El elenco de los elementos personales se completa con los destinatarios. Son los televidentes consumidores de “chismografía” que, como si fueran los reyes y cortesanos de la época de los bufones, contemplan con fruición un espectáculo tan deleznable como la despellejadura ajena, satisfaciendo con ello sus más bajas pasiones y especialmente la de deleitarse oyendo las murmuraciones sobre otros.

Las habladurías nunca desaparecerán porque forman parte de la condición humana, pero es innegable que la televisión transformó radicalmente el cotilleo: amplificó la difusión de las maledicencias

No son pocos los que justifican el cotilleo televisivo con el argumento de que responde a la demanda del público. Si esto fuera verdad –cosa que dudo– deberíamos preguntarnos por qué hemos caído tan bajo. Habrá unos que lo achaquen a que en un país plagado de envidiosos criticar une mucho; y otros al hecho de que la desgracia ajena acrecienta nuestra autoestima. Pero ninguna de estas razones justifican el desmedido cotilleo televisivo que venimos padeciendo que embrutece a los telespectadores.

Cualquier cotilleo es rastrero y el televisado es, además, verdaderamente dañino, porque aviva las más bajas pasiones del pueblo y convierte al vituperado frente a la audiencia en presunto culpable en vez de en presunto inocente, como debería ser. Es cierto que la presunción de inocencia juega en el ámbito de la justicia penal, en el cual, como es sabido, se presume que toda persona es inocente hasta que no se demuestre su culpabilidad. Y es cierto también que se trata de una presunción que admite la prueba en contrario. Pero en el mundo del cotilleo, por ser el reino de la insidia insinuada, el murmurador que acusa no tiene que demostrar la culpabilidad del vituperado, le basta con ofrecer una apariencia de verosimilitud, siendo el denigrado el que por el solo hecho de ser objeto de habladurías se convierte en presunto culpable. El personaje público objeto de las murmuraciones ingresa en el espectáculo televisivo como culpable y no, como debería ser, inocente; y gracias al juicio de los pontífices cotillas sale del programa como culpable, siempre que no haya desvirtuado plenamente su inicial condición de culpable.

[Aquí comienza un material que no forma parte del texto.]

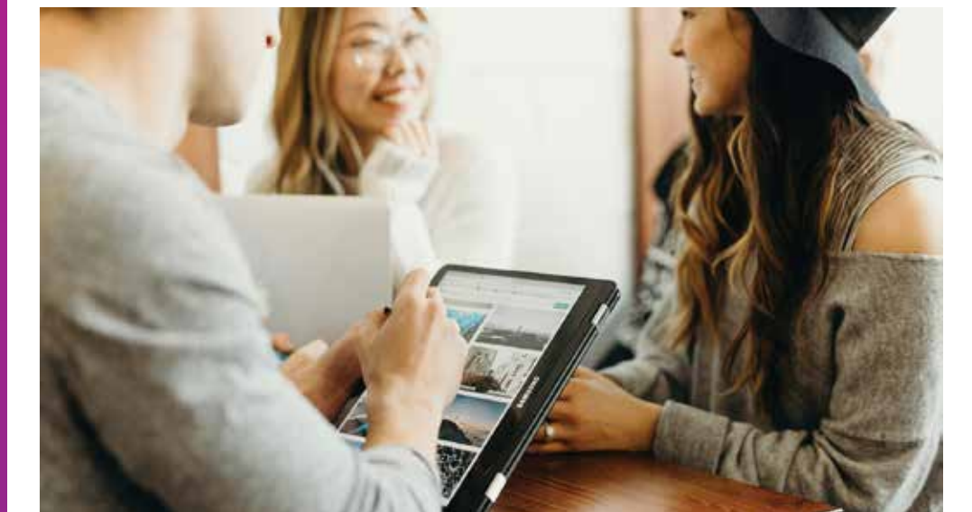
Entrepreneur - Empowering lives
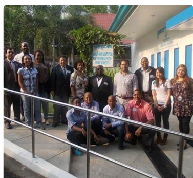
CRA and WSUP staff

An independent water regulator, Conselho de Regulação de Aguas (CRA), is also a key player at the national level. CRA sets service delivery standards and approves tariffs and water charges. CRA's annual report on service provision is seen as a powerful instrument for improving transparency and benchmarking delivery, and is widely shared with media and non-government organizations. At the time of writing, CRA does not have the authority to levy fines on providers who do not meet standards. Sanitation has traditionally not fallen under its purview, because no national-level agency or autonomous provider has been responsible for sanitation; furthermore, CRA's powers to regulate sanitation provision in Maputo are limited because the municipal government –which is formally responsible for sanitation provision– is perhaps sufficiently politically powerful to be "immune" to regulation. Since 2009, however, CRA has had responsibility for regulating sanitation, and it is currently developing a regulatory framework to be applied to the municipality. Furthermore, CRA is in the process of revising its statutory laws including powers of sanction and fines. CRA provides an annual audit of the water service providers in the country, and this audit is widely shared and used as a benchmark for service provision in the water sector; however, sanitation services are not currently covered in this audit.

En los programas de cotilleo suelen entrar en colisión la libertad de expresión e información de los chismosos con los derechos al honor, a la intimidad y la propia imagen de los despellejados. Hasta ahora el Tribunal Constitucional ha destacado el carácter prevalente de la libertad de expresión y de información por su alta función de formar una opinión pública libre, democrática y plural. Y eso no me parece mal cuando lo que está en juego es el derecho a recibir información veraz sobre cuestiones relevantes.

Pero cuando el cotilleo televisado consiste en andar en dimes y diretes del llamado mundo rosa o del corazón debería ponderarse en mayor medida el honor, la intimidad, y la propia imagen de los terceros aludidos, junto con su presunción de inocencia. Sobre todo cuando sea dudoso que la murmuración chismosa coadyuve a formar la opinión pública, libre, democrática y favorecedora del pluralismo político, de la que habla nuestro Tribunal Constitucional. Sabido es que el honor y el prestigio forman parte del patrimonio espiritual de muchas personas, que se va formando gota a gota y que, en cambio, puede perderse irremisiblemente en un instante por una murmuración insidiosa falsa de un murmurador profesional a sueldo.